• _What you are asked to do_: Reproduce the entire listing exactly. Leave the pictures out.

++++ Data under study

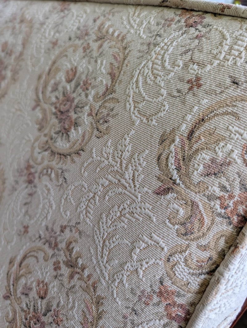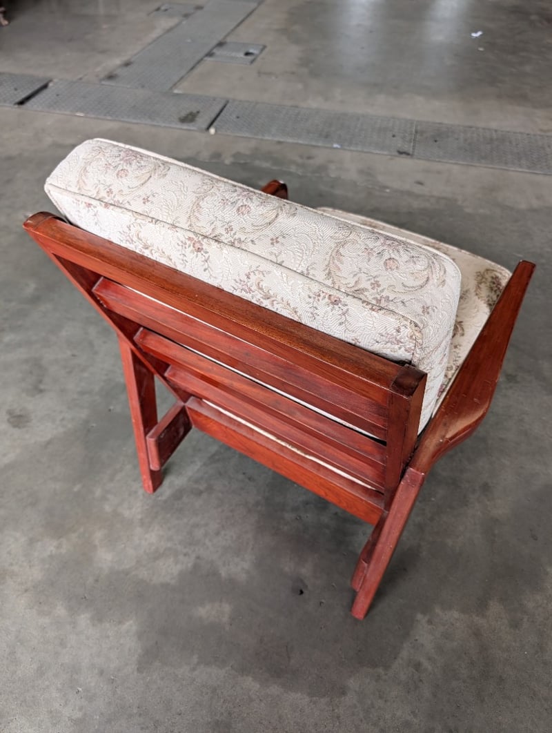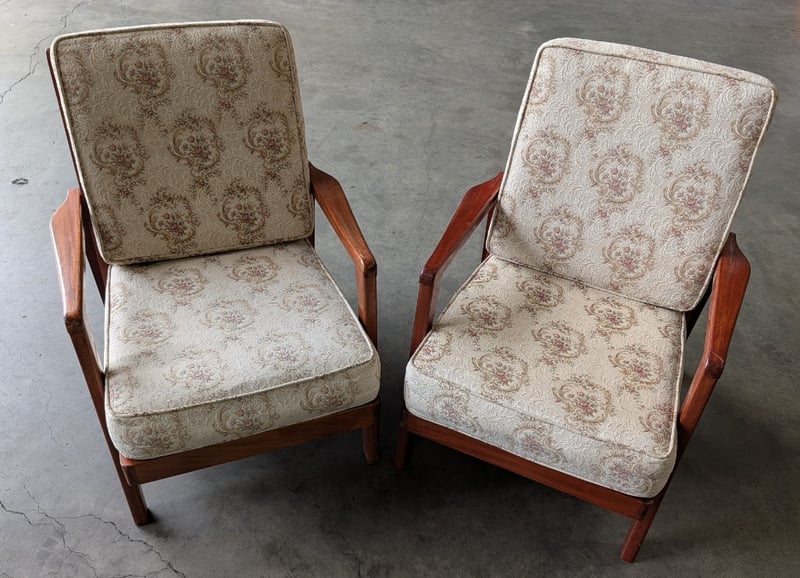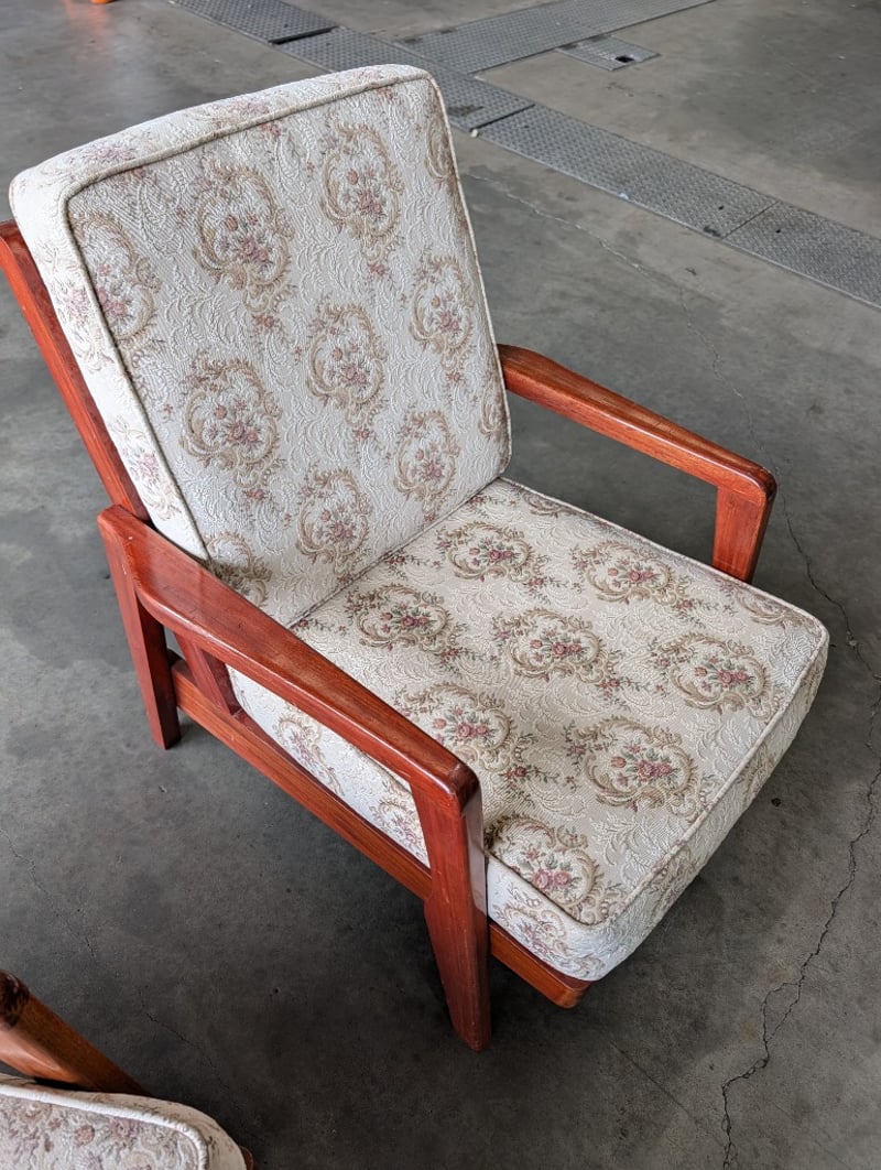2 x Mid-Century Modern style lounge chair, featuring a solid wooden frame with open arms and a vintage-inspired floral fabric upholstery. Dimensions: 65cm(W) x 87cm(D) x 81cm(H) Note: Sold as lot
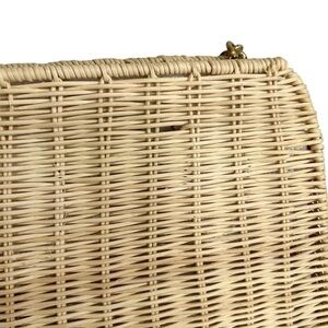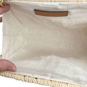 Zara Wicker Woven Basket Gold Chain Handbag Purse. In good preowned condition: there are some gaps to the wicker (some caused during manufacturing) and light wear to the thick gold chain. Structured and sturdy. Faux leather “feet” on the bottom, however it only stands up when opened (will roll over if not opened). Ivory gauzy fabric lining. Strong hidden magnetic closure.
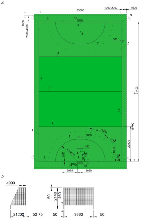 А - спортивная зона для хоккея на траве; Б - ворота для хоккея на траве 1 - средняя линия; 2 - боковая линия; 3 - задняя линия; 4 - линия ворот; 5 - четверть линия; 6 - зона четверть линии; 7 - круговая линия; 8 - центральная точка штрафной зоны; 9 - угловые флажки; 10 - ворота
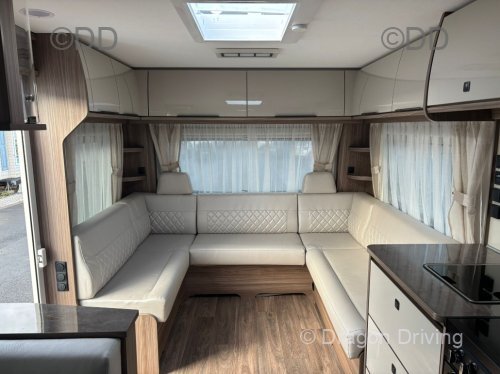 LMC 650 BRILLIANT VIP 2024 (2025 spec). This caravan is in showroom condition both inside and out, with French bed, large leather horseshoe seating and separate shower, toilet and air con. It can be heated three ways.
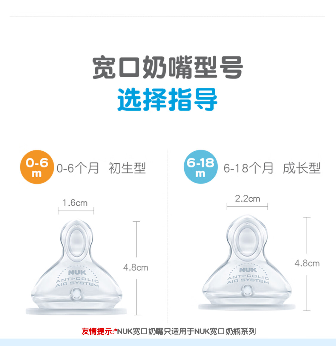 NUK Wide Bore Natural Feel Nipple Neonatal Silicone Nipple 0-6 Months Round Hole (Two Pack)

++++++++

• _Result_:
2 x Mid-Century Modern style lounge chair, featuring a solid wooden frame with open arms and a vintage-inspired floral fabric upholstery. Dimensions: 65cm(W) x 87cm(D) x 81cm(H) Note: Sold as lot
 Zara Wicker Woven Basket Gold Chain Handbag Purse. In good preowned condition: there are some gaps to the wicker (some caused during manufacturing) and light wear to the thick gold chain. Structured and sturdy. Faux leather “feet” on the bottom, however it only stands up when opened (will roll over if not opened). Ivory gauzy fabric lining. Strong hidden magnetic closure.
 А - спортивная зона для хоккея на траве; Б - ворота для хоккея на траве 1 - средняя линия; 2 - боковая линия; 3 - задняя линия; 4 - линия ворот; 5 - четверть линия; 6 - зона четверть линии; 7 - круговая линия; 8 - центральная точка штрафной зоны; 9 - угловые флажки; 10 - ворота
 LMC 650 BRILLIANT VIP 2024 (2025 spec). This caravan is in showroom condition both inside and out, with French bed, large leather horseshoe seating and separate shower, toilet and air con. It can be heated three ways.
 NUK Wide Bore Natural Feel Nipple Neonatal Silicone Nipple 0-6 Months Round Hole (Two Pack)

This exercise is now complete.